# my planted tank



## harsh69100 (Mar 2, 2008)

hello guys, this is my 2weeks old planted tank for my juvi rbp. i hope you like it...
suggestions and comments are very much welcome for me to improve it more..no ferts and co2 yet...and 1.3wpg for lighting.
plants are vallis, e. belheri.cabomba,e. cordifollia(?),anascharis(?)..substrate: river sand and pebbles.
thanks!!!


----------



## Domelotta (Apr 25, 2007)

beautiful setup. only one suggestion. if those are goldfish, take them out b4 they become food and kill your p's.


----------



## razorback182 (Apr 27, 2008)

nice overhanging roots on the driftwood.


----------



## blacklabel (Feb 12, 2007)

very nice setup. i like it alot. the only thing i would suggest is to get some java moss growing on your driftwood.


----------



## joeytoad83 (Sep 10, 2004)

looks good


----------



## harsh69100 (Mar 2, 2008)

co-inhabitants were danios, barb(?),and molly,and shrimps.. i just used them to cycle the tank. 
for the moss, ive tried it before but it dosnt grow and dies due to high temp of water, moss loves cold water rather than hot i thionk, correct me if im wrong.
Thank you guyz for the comment. i hope you like it.


----------



## maknwar (Jul 16, 2007)

how hot do you have it? Mine grows at 78 F without problems.


----------



## harsh69100 (Mar 2, 2008)

maknwar said:


> how hot do you have it? Mine grows at 78 F without problems.


water temp is 30-32C ?/90F...thats y moss is not for me....


----------



## blacklabel (Feb 12, 2007)

harsh69100 said:


> how hot do you have it? Mine grows at 78 F without problems.

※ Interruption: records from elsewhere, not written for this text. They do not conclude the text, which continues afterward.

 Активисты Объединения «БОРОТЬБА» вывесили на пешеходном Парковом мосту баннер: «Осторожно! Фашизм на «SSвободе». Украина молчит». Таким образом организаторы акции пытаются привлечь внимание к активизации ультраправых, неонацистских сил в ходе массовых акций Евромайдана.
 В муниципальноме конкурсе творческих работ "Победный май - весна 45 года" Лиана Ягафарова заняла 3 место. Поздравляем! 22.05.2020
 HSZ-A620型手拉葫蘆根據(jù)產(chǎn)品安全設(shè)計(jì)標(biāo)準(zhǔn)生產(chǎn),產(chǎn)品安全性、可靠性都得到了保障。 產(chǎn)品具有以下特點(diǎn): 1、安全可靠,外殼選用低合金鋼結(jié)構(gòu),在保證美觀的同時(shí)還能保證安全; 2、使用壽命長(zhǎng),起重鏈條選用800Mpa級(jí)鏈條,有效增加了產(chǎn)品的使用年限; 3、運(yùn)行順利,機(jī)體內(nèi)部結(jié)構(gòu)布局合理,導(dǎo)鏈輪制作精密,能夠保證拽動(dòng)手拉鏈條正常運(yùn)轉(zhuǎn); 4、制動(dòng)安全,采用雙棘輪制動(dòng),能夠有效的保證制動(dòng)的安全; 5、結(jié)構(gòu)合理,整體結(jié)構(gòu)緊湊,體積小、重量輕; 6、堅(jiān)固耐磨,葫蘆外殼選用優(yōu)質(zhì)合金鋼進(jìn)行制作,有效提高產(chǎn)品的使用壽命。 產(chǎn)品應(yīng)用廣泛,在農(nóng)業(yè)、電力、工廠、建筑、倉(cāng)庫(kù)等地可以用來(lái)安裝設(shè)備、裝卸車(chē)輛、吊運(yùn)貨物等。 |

water temp is 30-32C ?/90F...thats y moss is not for me....
[/quote]
theres really no reason to have it that high. unless its that hot inside your house.







77-80 degrees is plenty.


----------



## angeli697 (Jul 5, 2007)

i have mine at 83oF and i think thats still too hot. turn it down just a bit.


----------



## GenoCyde (May 31, 2008)

harsh69100 said:


> hello guys, this is my 2weeks old planted tank for my juvi rbp. i hope you like it...
> suggestions and comments are very much welcome for me to improve it more..no ferts and co2 yet...and 1.3wpg for lighting.
> plants are vallis, e. belheri.cabomba,e. cordifollia(?),anascharis(?)..substrate: river sand and pebbles.
> thanks!!!
> ...


Tank set up looks awesome. Where did you get the drift wood?


----------



## Z♠NGT♥KER (Dec 27, 2005)

i like it....... looks great br0.....


----------



## harsh69100 (Mar 2, 2008)

i got this driftwood from the root of a fallen tree after the typhoon. i just cleaned and soaked it about a week.
thanks for the comment guys.
hope to post some updates soon...


----------



## rolly_169 (Jul 23, 2007)

harsh69100 said:


> how hot do you have it? Mine grows at 78 F without problems.

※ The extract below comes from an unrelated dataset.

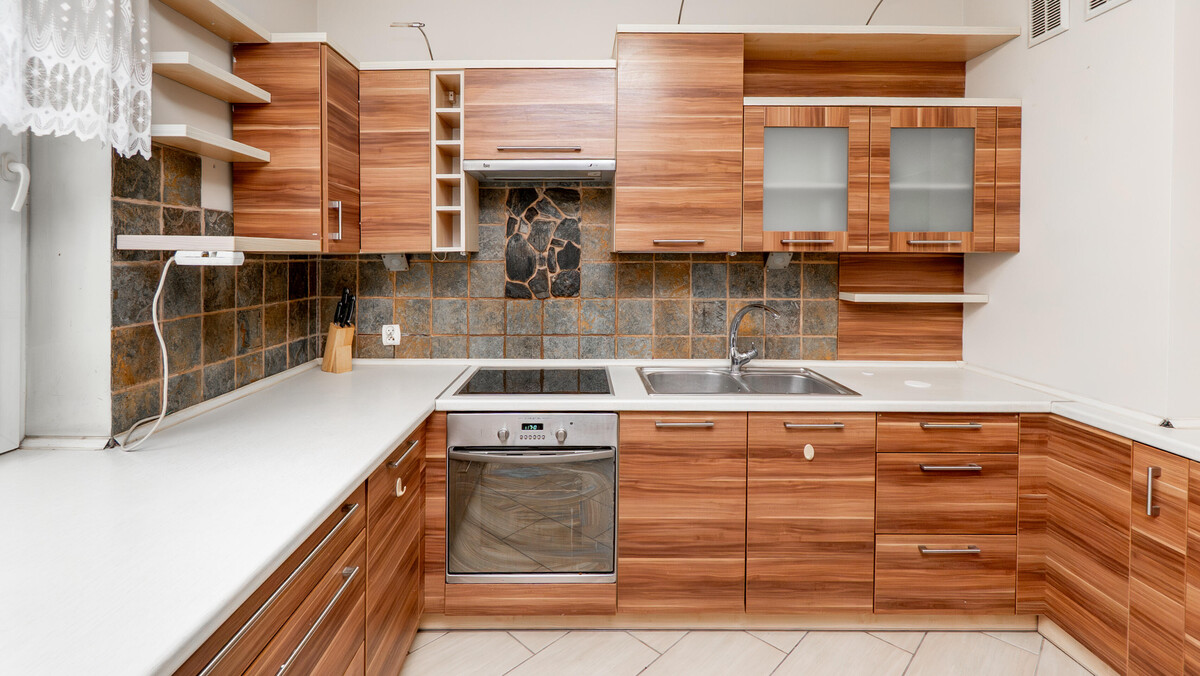 Kuchnia została w pełni umeblowana i wyposażona we wszystkie niezbędne sprzęty AGD – znajduje się tu kuchenka, płyta grzewcza, lodówka oraz liczne szafki zapewniające dużą ilość miejsca do przechowywania. Dodatkowym atutem jest stół z krzesłami, który tworzy komfortową przestrzeń do codziennych posiłków.

water temp is 30-32C ?/90F...thats y moss is not for me....
[/quote]
dial back the temp about 10F man. 90F is too hot.


----------



## CLUSTER ONE (Aug 2, 2006)

nice setup, however i would change the substrate to either all sadn or all gravel becasue to me it doesnt flow together with the way its currently setup. Other then that is very nice and the driftwood is awsome.

I also think you should reduce the temp to about 80F


----------



## Trigga (Jul 1, 2006)

sean-820 said:


> nice setup, however i would change the substrate to either all sadn or all gravel becasue to me it doesnt flow together with the way its currently setup. Other then that is very nice and the driftwood is awsome.
> 
> I also think you should reduce the temp to about 80F


 I dunno i like the look of the substrate..great tank man keep up the good work. Take the temp down a bit 90 degrees is REALLY high...an optimal temp for piranha should just be hovering over 80 F


----------



## rolly_169 (Jul 23, 2007)

Domelotta said:


> beautiful setup. only one suggestion. if those are goldfish, take them out b4 they become food and kill your p's.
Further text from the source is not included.